In addition to these immune abnormalities, genetic analyses have shown that the development of the proteinuria in Buffalo/MNa rats is associated with an abnormality in the actin cytoskeleton, which suggests the existence an inherited direct podocyte defect (1618). This finding is consistent with the rare possibility of FSGS recurrence in patients with heterozygous mutations in NPHS2 gene encoding podocin that should be theoretically corrected by the graft (19, 20). Though anti-podocin antibodies have not been found in patients with disease recurrence and mechanisms at the basis of this phenomenon are still obscure, it could be hypothesized that inherited abnormalities in the kidney elicit, in predisposed individuals, an immune response, which could further accelerate glomerulosclerosis.

CIRCULATING FACTORS

The frequent occurrence of proteinuria relapse in the immediate phases after transplantation suggests that podocyte injury is probably caused by a circulating permeability factor, initially thought to be released by T cells. Moreover, the rapid recovery of allograft function after retransplantation into a patient without FSGS further supports this hypothesis. However, despite mounting in vitro and in vivo observations supporting the existence of permeability factor(s), their identification has proven frustratingly elusive.

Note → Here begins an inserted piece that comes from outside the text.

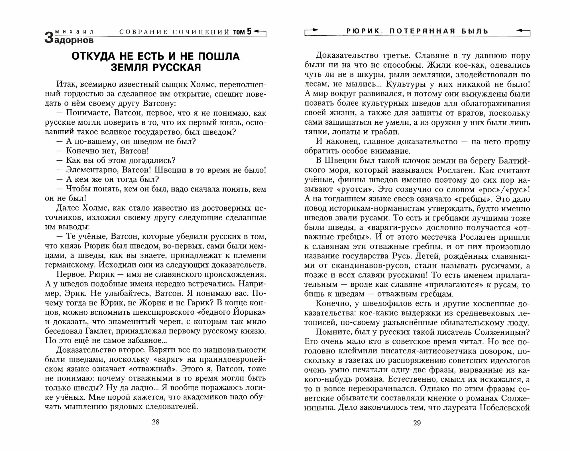 Впервые читателям предоставляется уникальная возможность приобрести собрание сочинений этого удивительного человека. Пятый том раскрывает читателям авторский взгляд на древнерусскую историю, созвучный взглядам историков, не принявших норманскую теорию. Также здесь собраны тексты интервью с Михаилом Николаевичем об истории и его отце, писателе Николае Задорнове. Пьеса «Амур-батюшка» публикуется впервые.

Many cytokines and other mediators able to increase glomerular albumin permeability in vitro have been found increased in sera of patients with FSGS. This group includes cardiotrophin-like cytokine 1 (CLC-1), a member of the interleukin-6 family, decreases nephrin expression in cultured podocytes and its blockade reverses the permeability effect of sera from FSGS patients (21). However, data on its potential role in the pathogenesis of FSGS are still preliminary.

At present the strongest evidence for a permeability factor relates to soluble urokinase receptor (suPAR), the soluble form of the urokinase type plasminogen activator receptor (uPAR) (22, 23). In mice, circulating suPAR activated podocyte β3 integrin (ITGβ3), causing foot process effacement, proteinuria and FSGS-like glomerulopathy. Intriguingly, the proteinuric effects of suPAR are blocked in vitro by a specific antagonising antibody. Moreover, creating a point mutation in suPAR gene in mice blocked its ability to activate β3 integrin and to produce proteinuria.

This solid experimental evidence of a causative role of suPAR in FSGS, however, is not supported by similarly convincing clinical data. Though serum levels of suPAR in FSGS patients reported by Wei et al. were, on average, significantly higher than in patients with other glomerulopathies, a wide overlap was present amongst different renal diseases (22). High serum levels of suPAR were predictive of FSGS recurrence in transplanted kidneys, and lowering the levels of suPAR by plasmapharesis was associated with disease remission. However, serum levels of suPAR above the suggested threshold of 3000 pg/mL were found in patients without recurrent FSGS (22). Further, plasma suPAR levels are elevated in a wide range of inflammatory conditions, including chronic infections (including tuberculosis and malaria), bacterial pneumonia, bacterial and viral central nervous system infections, sepsis, and various cancers (24). These conditions are not frequently associated with nephrotic proteinuria, casting doubt upon a simple model that relates suPAR plasma levels to podocyte injury and nephrotic proteinuria. HIV infection has been also associated with high suPAR levels, but no evidence has linked suPAR with HIV-associated FSGS.

Therefore, the role of suPAR in human FSGS pathogenesis is unclear and probably less straightforward than initially proposed. The role of suPAR as a potential permeability factor in FSGS was challenged by data showing that, in a single center cohort of 23 patients, serum suPAR levels were not different amongst idiopathic FSGS, secondary FSGS, and minimal change disease (MCD), nor did they predict responsiveness to steroid therapy in patients with idiopathic FSGS or MCD (25). Conversely, an inverse correlation was found between serum suPAR levels and estimated GFR, independently from glomerular disease. These findings raised additional doubts on the potential use of serum suPAR as a marker of primary FSGS. This report has stimulated a reply that points out the critical role of careful phenotyping in FSGS studies (26).

Altogether, despite strong clues in support of its existence, research on the circulating factor has been inconclusive so far, possibly because not a single factor is responsible for all the cases of FSGS. Conversely, in harmony with the protean nature of the disease, multiple factors may act in the same patients together or at different stages of the disease.

PROGRESSION OF FSGS INJURY

Data from experimental and clinical studies converge to support the hypothesis that FSGS is the result of various insults directed to or inherent within the podocyte. Podocyte injury leads to effacement of the foot processes, which is the major structural correlate of nephrotic proteinuria. This change in podocyte shape is the result of cytoskeleton rearrangement, a process that is partially reversible by glucocorticoid and calcineurin inhibitor therapy (7).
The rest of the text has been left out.